1.Introduction

Natural and sexual selction produced several reproductive strategies in order to maximize species breeding success. Some examples are polygamy and polyandry, which allow for more opportunities for males and females to reproduce (Anderson and Iwasa, 1996; Lewis et al., 2000). In many lizard species, females will copulate with multiple males and bear the offspring of multiple males in a single clutch. These examples are sand lizards (Lacerta agilis) (Olsson and Madsen, 2001), adder snakes (Vipera berus), or painted turtles (Chrysemyspicta) (Pearse et al., 2002). This multiple paternity strategy is often related to the coexistence of conflicting male mating strategies (Gullberg et al., 1997; Laloi et al, 2004).

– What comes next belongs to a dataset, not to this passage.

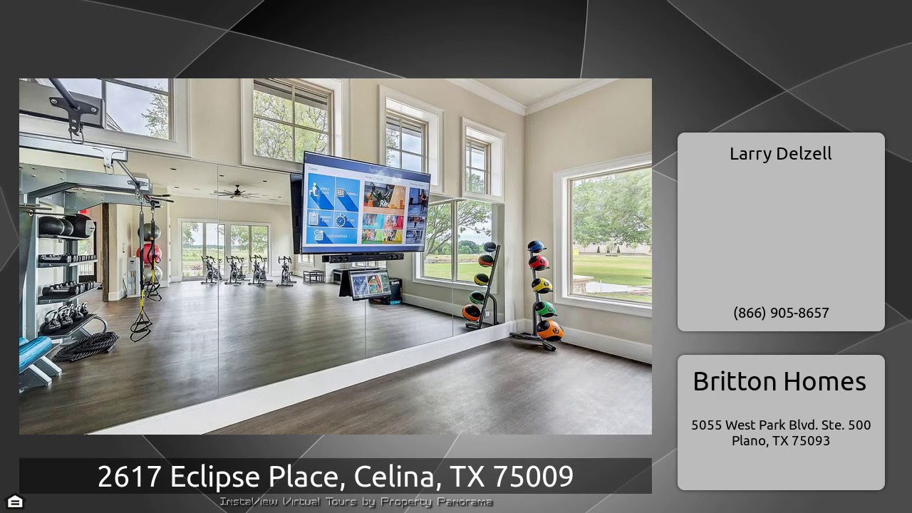 The Virtual Tour for the property at 2617 Eclipse Place, Celina, TX 75009 listed for $559,900: Other homes for sale by Larry Delzell of Britton Homes: BRITTON HOMES NEW CONSTRUCTION! Library with French doors set at entry. Media room with French doors off extended entry. Formal dining room opens to family room with wall of windows and wood mantel fireplace. Kitchen hosts generous island with built-in seating space, abundant counter space, double ovens and walk-in pantry. Adjoining morning area features wall of windows. Hardwood floors throughout. Master bedroom features hardwood floors and …

Sexual dimorphism interpreted by body size and morphology difference often play important role in reproduction process (Ryan, 1997; Sun, 2006; He et al, 2011). Many studies have demonstrated that males with larger body sizes have more advantages during mating competition than smaller individuals. This occurs because larger males are stronger and can move across larger ranges of distance (Lewis et al., 2000; Pearse et al., 2002; Kamath and Losos, 2018), while intra-sexual competition favors large male size and other physical attributes, such as bite force, while inter-sexual selection, usually in the form of female choice, favors traits in males that make them attractive to females (Ryan, 1997; Du et al., 2005).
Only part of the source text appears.